第4回天津国際海運産業博覧会が2−5日、開催される。海運のスマート化、グリーン化、国際化、そしてグローバルサプライチェーンの安全と安定に焦点を当て、国際海運協力と革新成果の展示プラットフォームを構築。400社を超える出展企業を集めた。国内外の参加者は、中国の海運の強靭性がグローバルサプライチェーンの安定に自信をもたらしているとの見方を示した。
初めて博覧会に参加したグローバル・マリタイム・フォーラムの共同創設者兼CEOのヨハンナ・クリステンセン氏は、「中国は国際海運業においてより重要な役割を果たしている」と述べた。
データによると、中国の国際海運量は世界全体の約3分の1を占め、その海運サービスネットワークは全世界をカバーしている。中国はすでに世界最大の港湾クラスターを構築しており、港湾貨物取扱量は20年以上連続で世界一。
上海国際海運研究センターの首席情報責任者の徐凱氏は、中国の海運の強靭性は、強固なインフラ、完全な産業体系、技術革新能力、そして深いグローバル化配置の相乗効果によるものと述べた。この強靭性は、中国自身の貿易の安定的な発展を支えるだけでなく、激動するグローバルサプライチェーンに貴重な確実性を提供している。
ロイズ・リスト・インテリジェンスのCEOであるワカス・サマド氏は会議で、「中国は世界最大の船隊を保有し、同時に世界最大の造船国およびコンテナ生産国として、現在の海運分野で重要な役割を果たしている。さらに重要なのは、中国が海運業の未来の発展における重要なトレンドを体現していることだ。それは単に規模やインフラの問題ではなく、接続性、技術、スマート性の有機的結合にある」と述べた。
天津港の世界初の「スマートゼロカーボン」埠頭では、スマート搬送ロボットが行き交うなか、ガントリークレーンのオペレーターが数百メートル離れたスマート制御センターからの遠隔操作で貨物の積み下ろしを行う。天津港は現在、コンテナおよびバラ積み貨物埠頭のスマート化改修を全面的に完了。大型設備の自動化率は80%を超えている。
サマド氏は「天津港を例にとると、5Gネットワーク、AI、クラウド制御の自動運転車両は、肉体労働への依存を著しく低下させた」と話した。

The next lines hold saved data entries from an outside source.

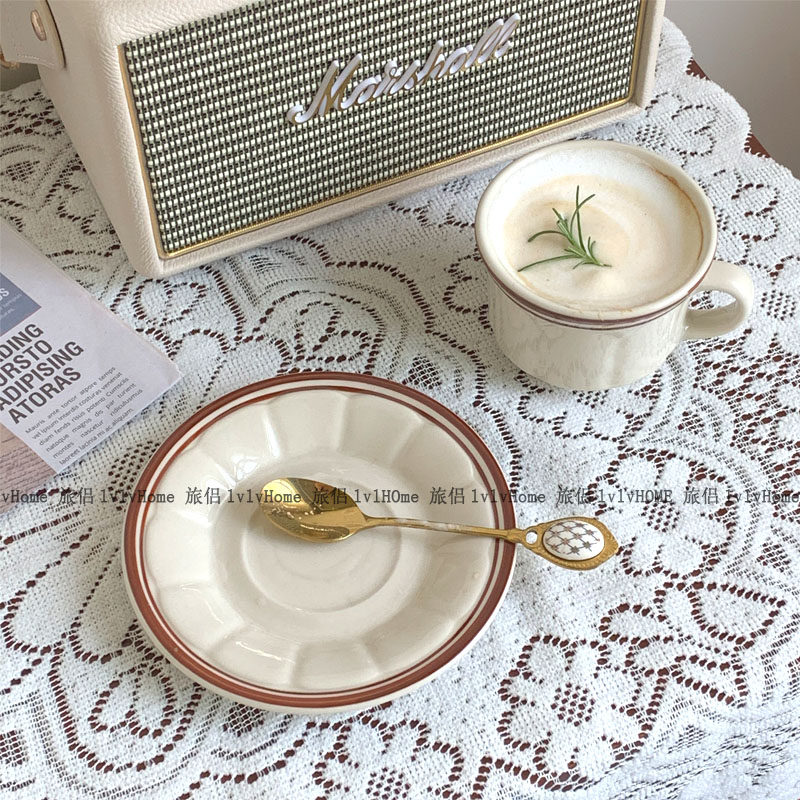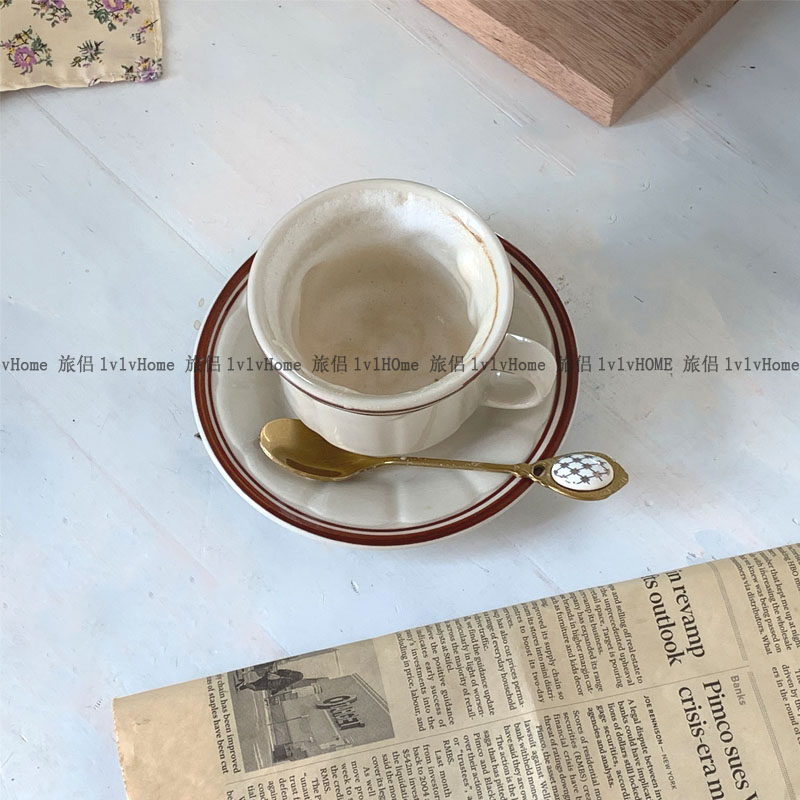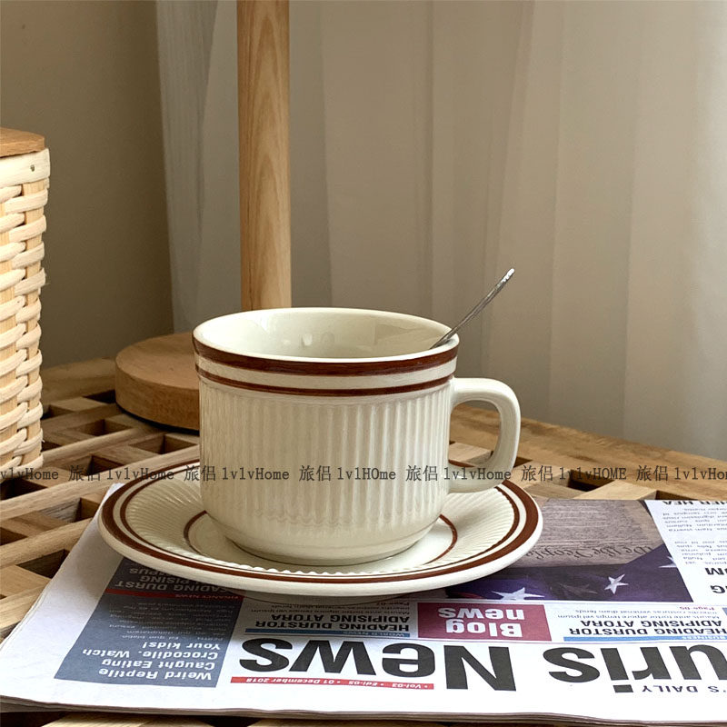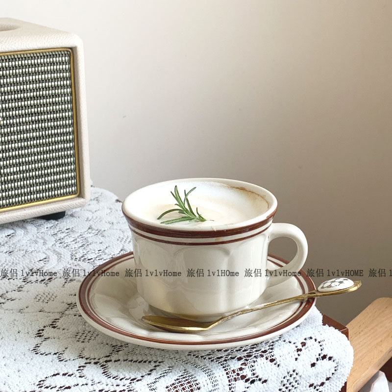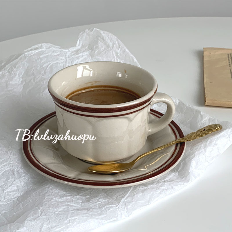 Корейская ретро -ретро -ретробление вино красная линия керамическая кофейная чашка послеобеденной чай чай чай чай чай чай чашка латте винтаж
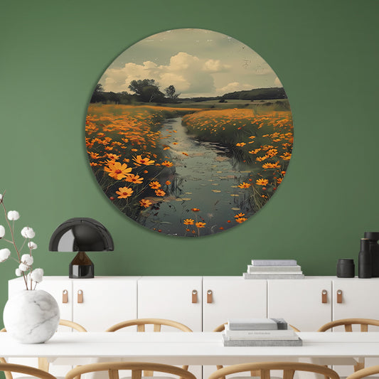Gouden bloemen langs meanderende rivier forex muurcirkel
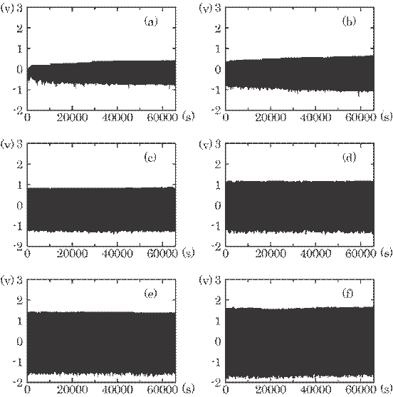 vibration amplitude of the metal shaft. The output, (d), is lowest of all and
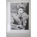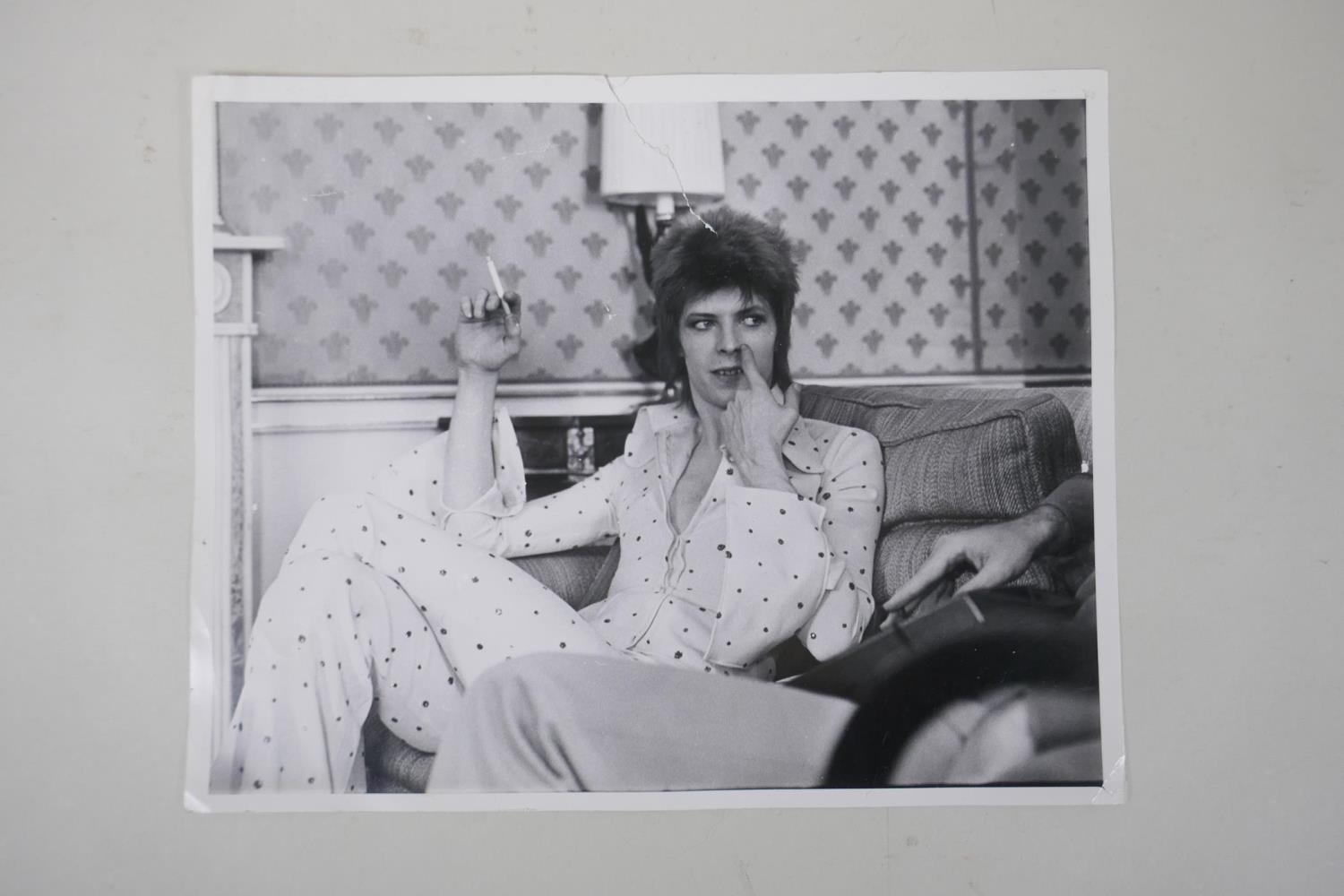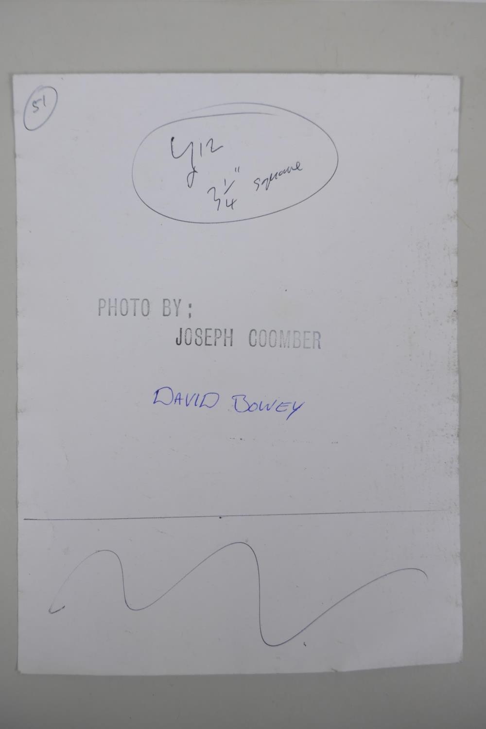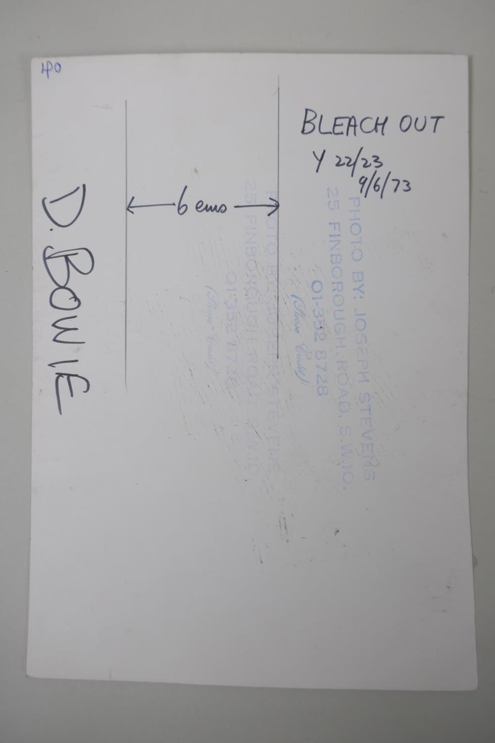 Three 1970s black and white press photographs of David Bowie, with photographer's stamps verso for Joseph Coomber and Joseph Stevens, and a David Bowie RCA Records publicity photo, largest 24 x 19cm
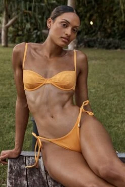 The Palma Bottom is shaped to flatter and accentuate your backside! This tie-sided triangle bikini bottom features small detailed gold hardware hanging from each tie and a custom fit each wear.
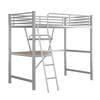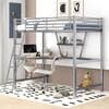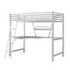 ANBAZAR Silver Twin Size Loft Bed with L-shaped Desk and Shelf, Metal Loft Bed with Guardrails and Ladder, Kids Loft Bed Frame 00042ANNA
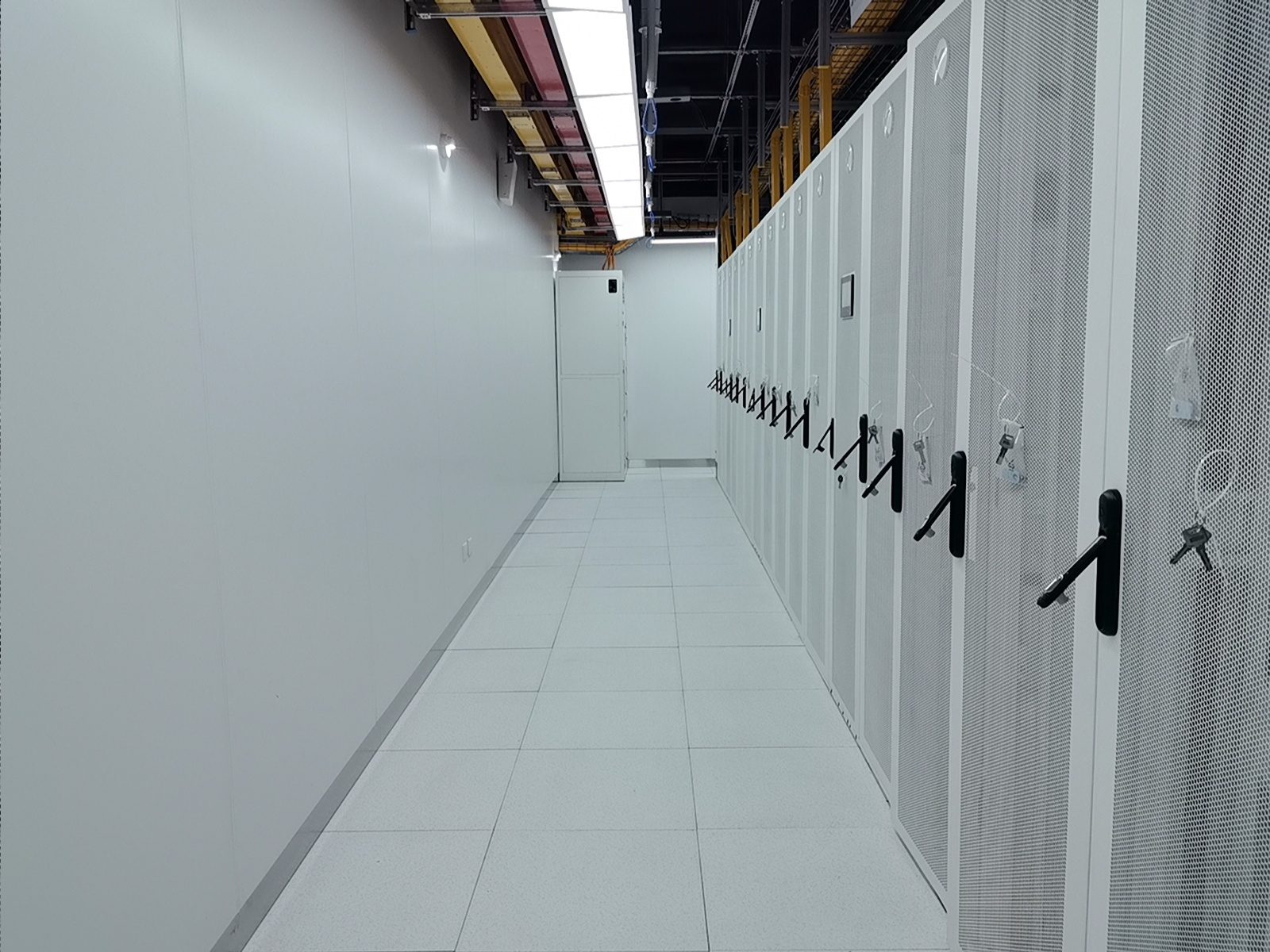 通過(guò)部署華為一體化模塊化UPS,我們實(shí)現(xiàn)了設(shè)備空間占用的顯著節(jié)約、連接線纜的減少以及系統(tǒng)可靠性的提升。維諦品牌的微模塊成套系統(tǒng),包括機(jī)柜、精密空調(diào)、動(dòng)環(huán)監(jiān)控和電池監(jiān)控等組件,不僅系統(tǒng)集成度高,而且可靠性強(qiáng),其軟件平臺(tái)的開(kāi)發(fā)響應(yīng)也十分及時(shí)。西門(mén)子的密集母線和智能小母線系統(tǒng),集成了母線測(cè)溫和在線監(jiān)控功能,進(jìn)一步增強(qiáng)了系統(tǒng)的可靠性。封閉熱通道的設(shè)計(jì),確保了系統(tǒng)擁有充足的冷量?jī)?chǔ)備,從而提高了容災(zāi)能力。封閉通道的玻璃觀察地板和內(nèi)部管道的PVC彩殼包覆,不僅保證了整體風(fēng)格的統(tǒng)一和協(xié)調(diào),還提升了美觀度。仿真測(cè)試機(jī)房3,一個(gè)280平方米的屏蔽機(jī)房,其頂面殼體設(shè)計(jì)為平頂,并且封閉熱通道采用了95吋LED顯示屏整體式移門(mén),極大地提升了觀摩機(jī)房的視覺(jué)效果。在整體顏色管理方面,我們采用了紅/黃雙色對(duì)供配電A/B路、密集母線、智能小母線、電力電纜、PDU外殼等進(jìn)行區(qū)分,確保了清晰醒目。此外,采用彩鋼板墻面和夾心彩鋼板頂面,有效提升了機(jī)房的潔凈度和防塵能力。

中国のスマート港湾ソリューションは、グローバル海運に再現可能なモデルも提供している。徐氏は以下の例を挙げた。上海港の自動化埠頭技術はすでに国内外の10以上の埠頭で再現・応用されている。2024年11月に開港したペルーのチャンカイ港は南米初のスマート港湾であり、上海港からチャンカイ港への新航路は中国とペルーの物流コストを20%以上削減した。
クリステンセン氏は、「複雑化するグローバルサプライチェーンの中で、中国は地上ロボットやバッテリー技術などの面で道を切り開き、業界をより効率的にした。この影響は世界に広がっている」と話した。
徐氏は、現在のグローバル海運構造は深い変革を迎えており、人類の海運事業の運命を全世界で守る必要があるが、中国はその不可欠な力だと考えている。海運規則の制定、金融・保険サービス、デジタル海運エコシステム、グローバルサプライチェーンガバナンスなどの面で、より多くの中国のプラン、中国の知恵、中国の力で貢献できるという。